Compared with other concrete creep and shrinkage models mentioned above, the CEB-FIP 2010 model [19] is the latest developed model. This model is an improved version of the CEB-FIP 1990 model, which is an important basis for many concrete code creep and shrinkage calculation methods, such as JTG D62-2004 [20] and Eurocode 2 [21]. By overcoming some drawbacks of CEB-FIP 1990, the new model is more likely to be consistent with physical phenomena, the principles of thermodynamics, and linear viscoelasticity. The CEB-FIP 2010 model is applied on concretes that have a mean compressive strength extending between 20 MPa and 130 MPa and are exposed to a mean relative humidity in the range of 40 to 100% at a mean temperature in the range of 5 °C to 30 °C. The age at loading should be at least 1 day [19].

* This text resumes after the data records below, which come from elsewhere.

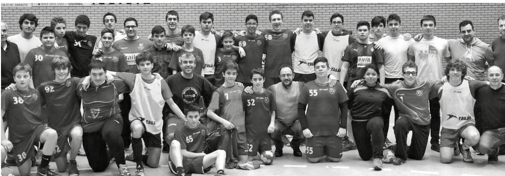
Arbitraje hastapenerako ikastaroa. Aurreko zubi astean egin zuten Oiarde Kiroldetgia, Gipuzkoa Eskubaloi Federazioaren argazki honetan ikus daitekeenez.

erosketak egitea saritu nahi du Hurbilago Elkar-teak opari ederrekin. Datozen asteotan, elkarteko kide diren establezimenduetan erosketak egitearen truke, txartelak eskuratu ahalko dituzue. Saltokietako kaxetan sartu eta abenduaren 31ra arte itxaron. 8. Hurbilago San Silvestre Herri Lasterketaren amaieran, frontoian, 50 euroko 25 bale eta Saizar Sagardotegian dastatzeko 2 laguntzako 4 afari zozketatuko dituzte.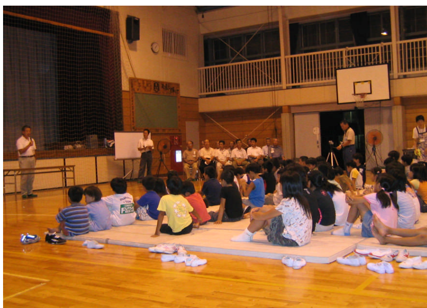
南古谷地区防災キャンプの様子

今後は、このような活動を通して、地域の教育力の向上のために、学校、家庭、社会教育施設、地域のさまざまな団体やボランティアが連携・協力を深めていくためのネットワークづくりを支援します。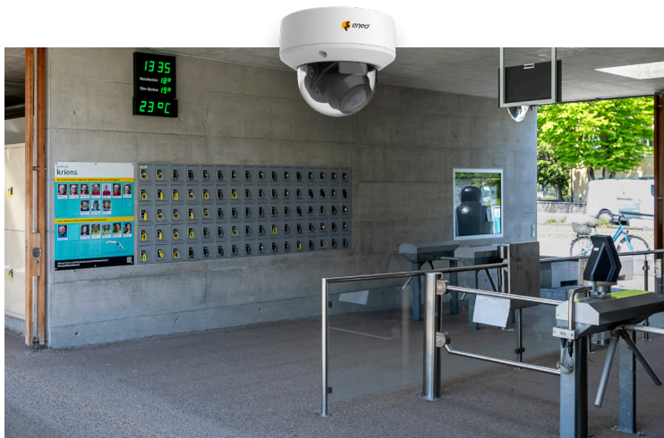
Les entrées et les casiers, des espaces clés.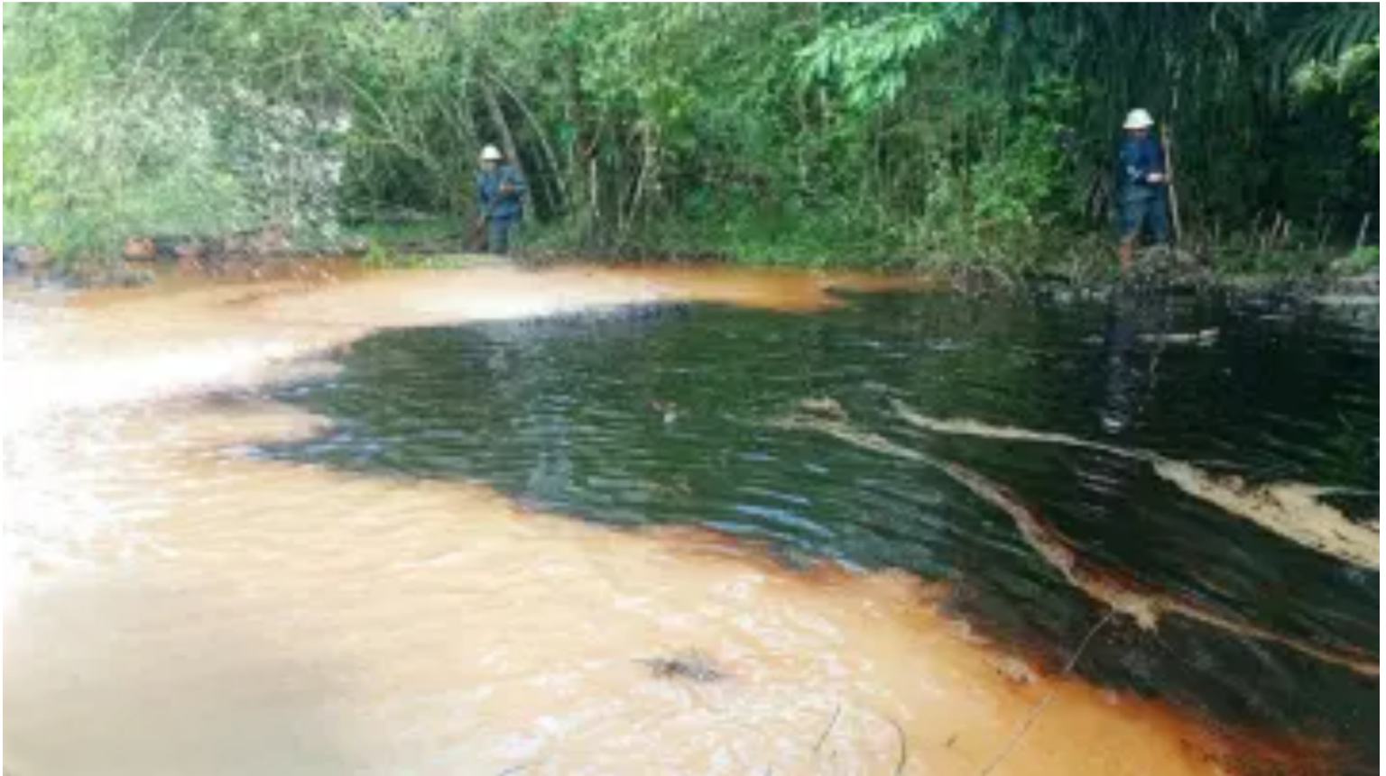
Blu Radio. Contaminación hidrocarburos corregimiento El Centro

Ecopetrol indicó que se trata de un afloramiento natural. En la zona, operarios realizan labores de contención y limpieza de la quebrada.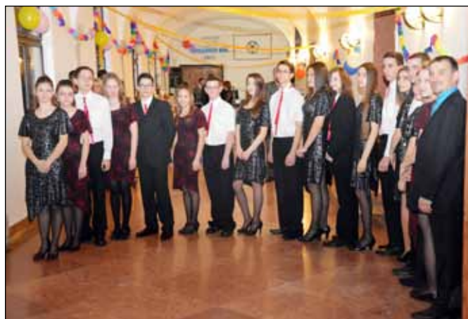
A táncbemutatóra felkészült Konfirmandusok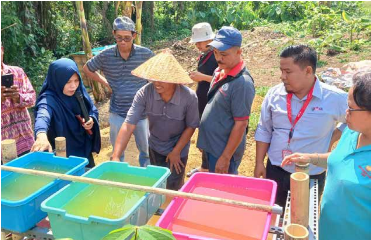
Proses budidaya cacing sutra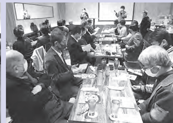
試食用のカニカマ料理とトークショーの様子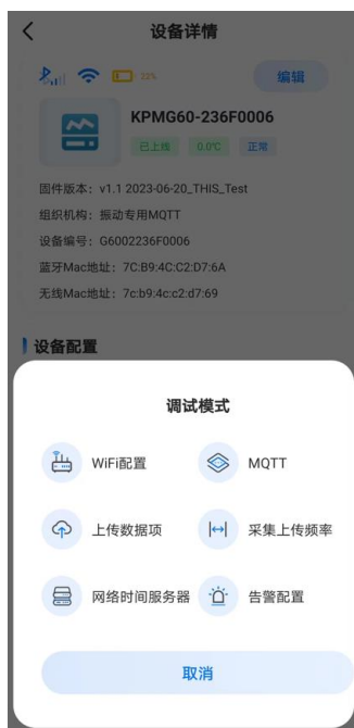
图 20. 调试模式的配置界面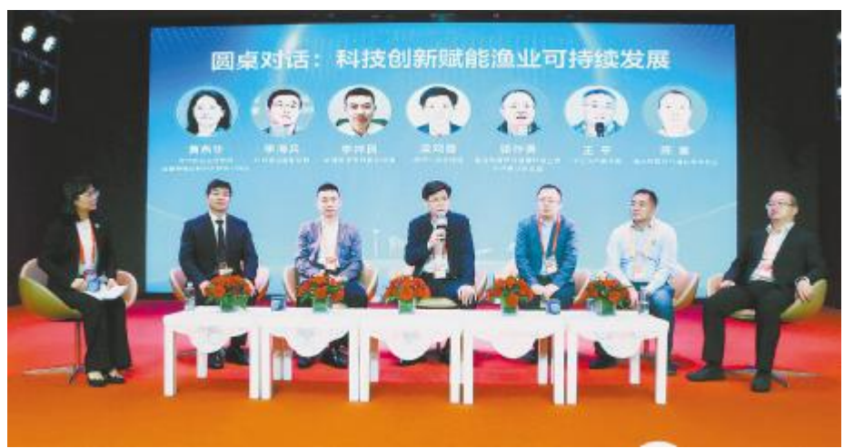
渔光物联参加第八届中国国际水产科技大会平行论坛圆桌对话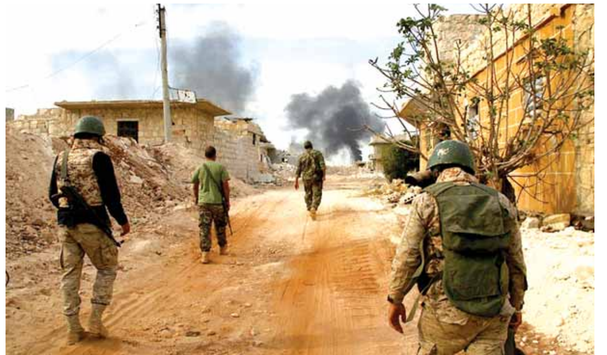
الجيش السوري على تلة بازو الاستراتيجية في حلب بعد السيطرة عليها

كل الاستعدادات اكتملت لمعركة حلب بعد ان دفع الجيش السوري وحلفاؤه بتعزيزات كبيرة، وتمكن من السيطرة على تلة بازو الاستراتيجية. كما احببت وحدات من الجيش السوري هجوما لجيش الفتح على كتيبة الدفاع الجوي في ريف حلب الجنوبي. وأشار مصدر في الجيش السوري الى ان الهجوم تم صدّه، علماً ان الجيش السوري وحلفاءه كانوا قد استعدوا كتيبة الدفاع الجوي خلال ايام. التقدم الميداني للجيش السوري جعله يتحكم بمواقع المسلحين في خان طومان وصولاً الى مشروع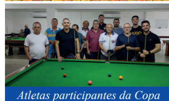
Atletas participantes da Copa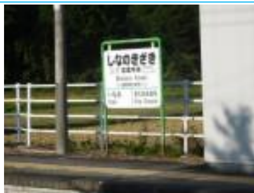
No36. 信濃木崎駅 20201005 (月) 16:02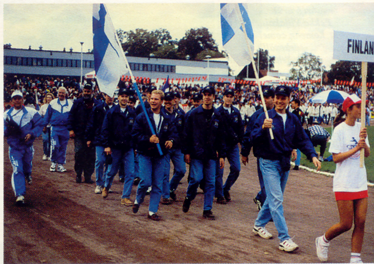
Suomi-poika ryhdikkäänä avajaisissa.

Viljakaisesta olikin jo juttua, vanha herra ei mielellään kaadu. Mutta ajoi kiinni edellä lähteneen ja siinähän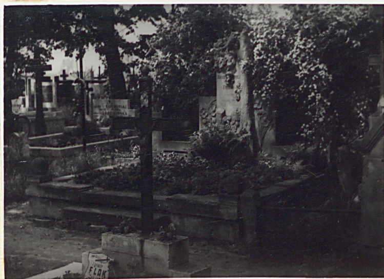
1930 r. GRÓB BARANIAKÓW 1929 r. GRÓB GZULÓW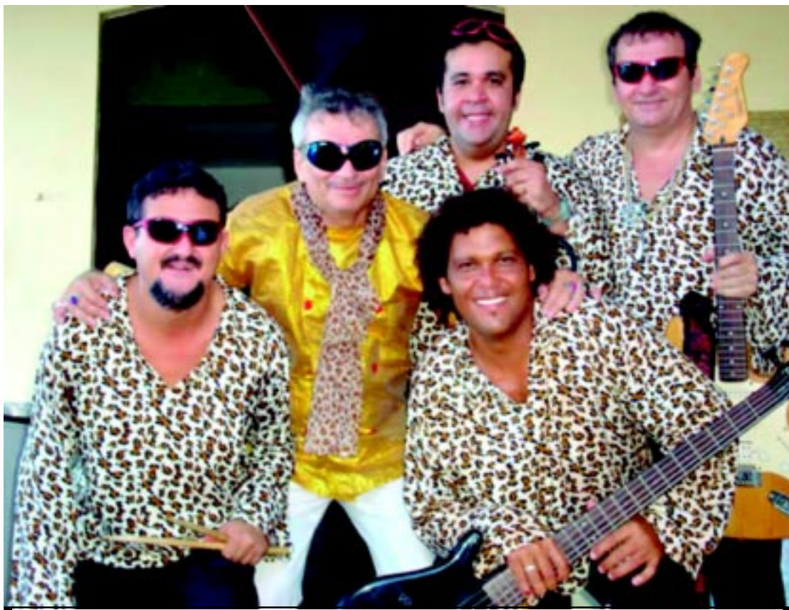
A banda paraibana Omelete canta músicas de Evaldo Braga, Waldick Soriano e outros 'clássicos' do brega

cidade de escrever canções espirituosas e românticas, Jorge Aragão costuma afirmar que "esse negócio de cantar" não foi planejado e que sente-se realmente como um autor. Com mais de 30 anos de carreira, o sambista só seguiu carreira solo nos anos 90, mas, logo alcançou reconhecimento e sucesso. Uma de suas mais conhecidas canções 'Coisinha do Pai' tocou além das fronteiras terrestres e "acordou" o robô da Nasa em Marte.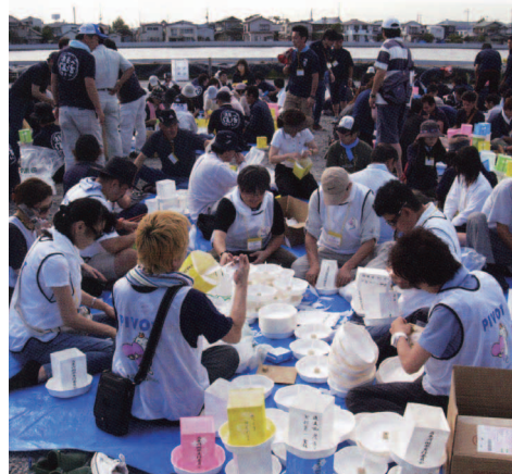
灯笼づくりを手伝う組合員 [写真①]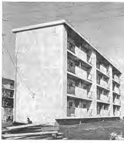
できあがった4棟目の改良住宅

昨年七月から根戸高野台に建築中の鉄筋四階建改良住宅が二月十四日に完成しました。 この住宅は、住宅改良法にもとづいて、同所にあった旧軍隊の老朽化した兵舎に在る人を主に収容するために建てられたもので、すでに三棟完成しており、七十二世帯が同居しています。 この完成で、さらに二十四戸入居することになりますが、一戸当りの面積は三十五平方メートル、六畳

Compared with other commonly used models such as ACI 209-82, B3, and GL2000, both of the two CEB-FIP models pay more attention to the applicability of high-strength concrete. At present, there is an increasing demand for high-strength concrete in civil engineering, but the recognition of high-strength concrete’s creep and shrinkage behaviors is not sufficient. For this reason, some researchers have carried out extensive evaluation and research on the accuracy of the CEB-FIP 1990 model in predicting creep and shrinkage of high-strength concrete [22,23,24]. Some researchers [25,26] evaluated the creep coefficients of 36–90 MPa concrete calculated by the CEB-FIP 2010 model and compared them with those of the other commonly used model. However, the current research results did not fully evaluate the prediction accuracy of shrinkage and creep of the CEB-FIP 2010 model and did not consider the influence of other parameters. In general, the evaluation of the CEB-FIP2010 model is still very limited, so there is an urgent need to evaluate the applicability and prediction stability of the CEB-FIP 2010 creep and shrinkage model scientifically.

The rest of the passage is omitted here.